Section 1502 of the Dodd-Frank Wall Street Reform and Consumer Protection Act of 2010 (Dodd-Frank 1502) requires the SEC to hold public companies ("issuers") accountable for an explanation of where certain minerals and their derivatives originated. The first reports are due to the SEC in May 2014, and many companies are still trying to sort out the best approach for compliance with the new regulatory requirement.
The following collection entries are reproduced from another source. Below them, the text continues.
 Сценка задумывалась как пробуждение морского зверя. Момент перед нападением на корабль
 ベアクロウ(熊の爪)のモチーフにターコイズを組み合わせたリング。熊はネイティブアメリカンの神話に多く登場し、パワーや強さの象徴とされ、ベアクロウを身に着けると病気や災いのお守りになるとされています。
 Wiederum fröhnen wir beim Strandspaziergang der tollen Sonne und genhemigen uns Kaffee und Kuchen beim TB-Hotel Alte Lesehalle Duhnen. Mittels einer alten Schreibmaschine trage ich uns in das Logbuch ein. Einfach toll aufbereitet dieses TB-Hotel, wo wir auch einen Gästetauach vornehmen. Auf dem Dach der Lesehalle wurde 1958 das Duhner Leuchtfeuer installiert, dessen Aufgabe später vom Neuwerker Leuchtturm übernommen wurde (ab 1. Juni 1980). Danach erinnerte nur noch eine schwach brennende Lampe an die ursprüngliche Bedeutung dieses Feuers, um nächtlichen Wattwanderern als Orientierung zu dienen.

The minerals named in Dodd-Frank 1502 include cassiterite, columbite-tantalite (also known as coltan) and wolframite. Why these minerals? Because they are the ones from which tin, tantalum, tungsten, and gold are derived, and significant amounts of these minerals are mined in areas controlled by armed groups operating in the Democratic Republic of the Congo (DRC) and the nine countries that surround it. (See Figure 1.) In Dodd-Frank parlance, these are known as the "Covered Countries," and Dodd-Frank 1502 directs the SEC to require companies that manufacture products containing tin, tantalum, tungsten, and gold—collectively referred to as "3TG" or "conflict minerals"—to document whether any 3TG in their products have been purchased from the armed groups suspected of committing human rights violations in the Covered Countries.
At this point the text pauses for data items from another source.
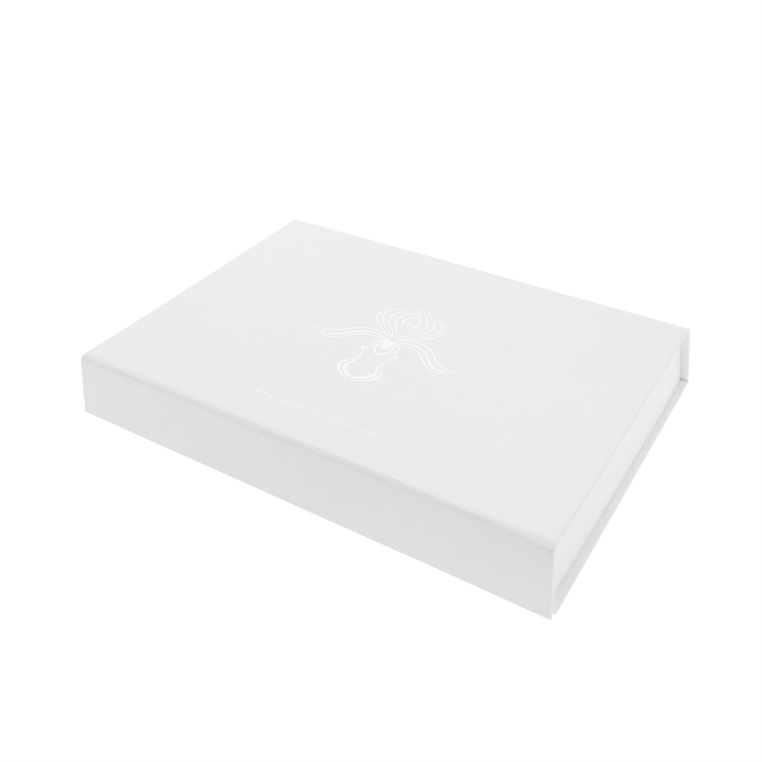 This rigid gift box is made of paper and comes in a flat packable design. It comes in a rectangular shape and has a paper insert inside for securing the contents in place. The gift box is decorated with a logo on the lid and offers an excellent packaging solution for cosmetic products.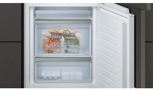 Deze integreerbare koel-vriescombinatie met LowFrost en ledverlichting aan de binnenzijde houdt etenswaren tot wel 2 keer langer vers.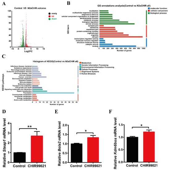Comparison of RNA-seq results and verification of the differentially expressed genes between control and CHIR99021-treated cells. (A) Volcano plot of mRNA expression differences. (B) GO enrichment analysis between control and CHIR99021-treated Neuro-2a cells. (C) Statistical classification analysis of KEGG pathways between control and CHIR99021-treated Neuro-2a cells. (D–F) qRT-PCR analysis of Steap1 (D), Bola2 (E) and Kdm6bos (F) mRNA levels with or without CHIR99021 treatment. The mRNA levels are normalized to β-actin mRNA levels and then expressed as the fold of control group. The data are expressed as the mean ± SEM. * p < 0.05, ** p < 0.01.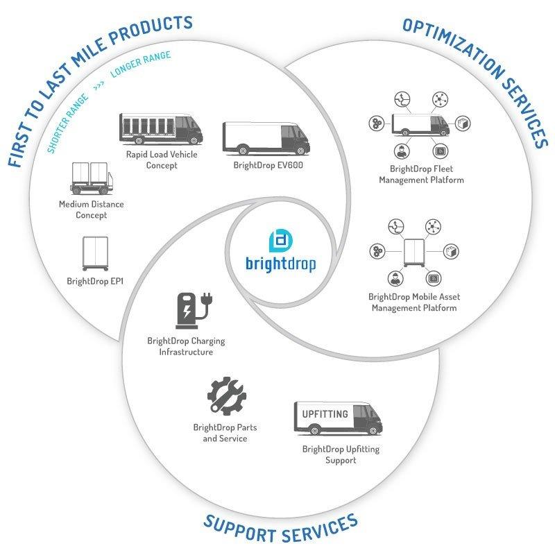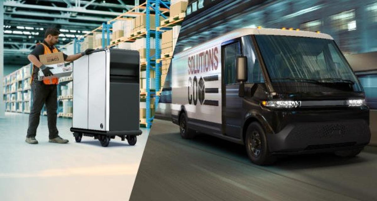 La solution comprend deux véhicules : le BrightDrop EP1, un chariot électrique, et le BrightDrop EV600, un fourgon électrique.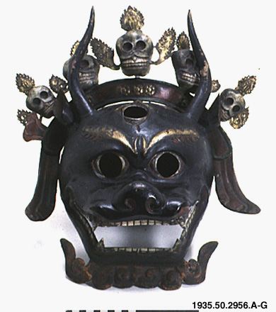 Mask av driven koppar, bemålad. Föreställer Yama.

Beginning on February 1, 2013, any SEC issuer that manufactures—or contracts to manufacture—products in which materials derived from conflict minerals are "necessary to the functionality or production of the product" is obligated to report on the origin of those minerals. Common examples of products likely to contain 3TG include cell phones and many computer and electronic components, but they can also include products as diverse as paint and buttons on clothing. The SEC's final rule on Dodd-Frank 1502 indicates that the agency will view an issuer as having satisfied "the reasonable country of origin inquiry standard if it seeks and obtains reasonably reliable representations indicating the facility at which its conflict minerals were processed and demonstrating that those conflict minerals did not originate in the Covered Countries."
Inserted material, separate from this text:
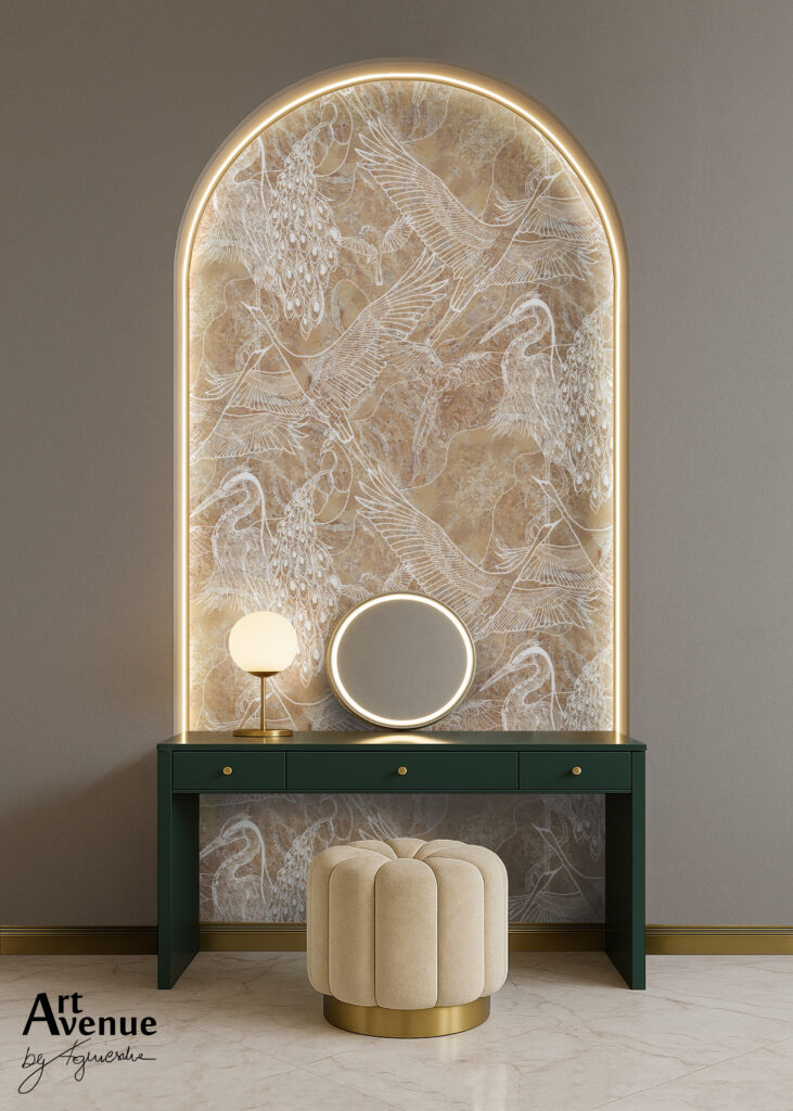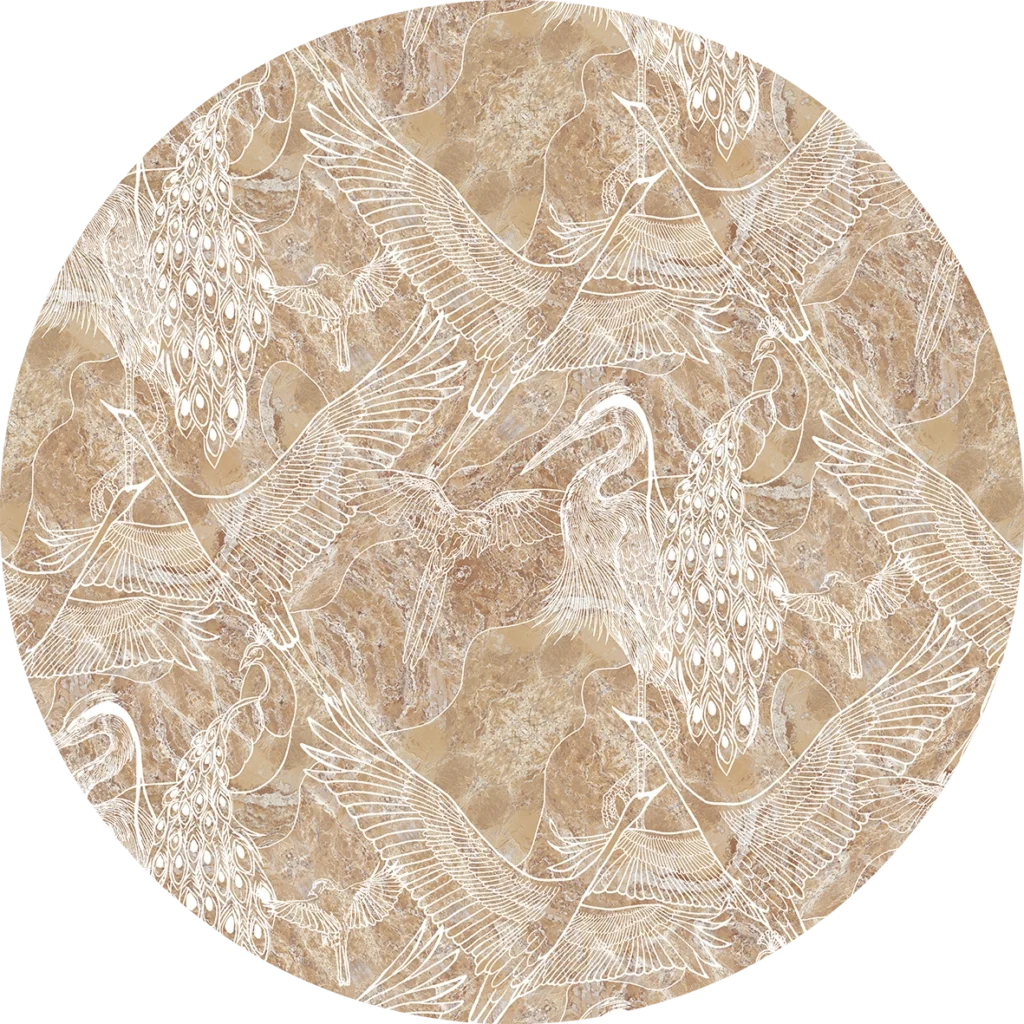Linearna kompozycja na bazie podziałów heksagonalnych zbudowana z wdzięcznych ptasich grafik m. in. żarawi, pawi i czapli. Przeplatający się rysunek wykonano na pięknym kamiennym tle różnicując jego płaszczyzny co daje niebanalny, elegancki efekt. Artystyczna tapeta ścienna PREMIUM z motywem ornitplogicznym – na rolki.

There are certain noteworthy exceptions within the rule. Product packaging is explicitly excluded, so a company whose products are packed in tin cans is not obliged to document the source of that tin. Moreover, a company that can document that the 3TG used in its products were derived from recycled or scrap sources is not obliged to pursue discovery of the metals' origins. Each such issuer must file a form documenting that the minerals came from recycled or scrap sources, but it need not pursue discovery beyond that.
That said, it is still expected that more than 6,000 companies doing business in the United States will file with the SEC, and that 75 percent of them will be obliged to file a "country of origin" report on the tin, tantalum, tungsten, and gold that goes into their products. Generally, they will be obliged to look back through the supply chain, as far down as the smelter that refined the original conflict minerals into the tin, tantalum, tungsten, and gold. As long as the smelter can reliably document that those minerals did not come from the Covered Countries, the issuer need not inquire any further. If, however, the smelter indicates that the minerals did come from the Covered Countries, then the issuer is charged with ascertaining whether or not the minerals that the smelter procured came from an operation controlled by armed groups.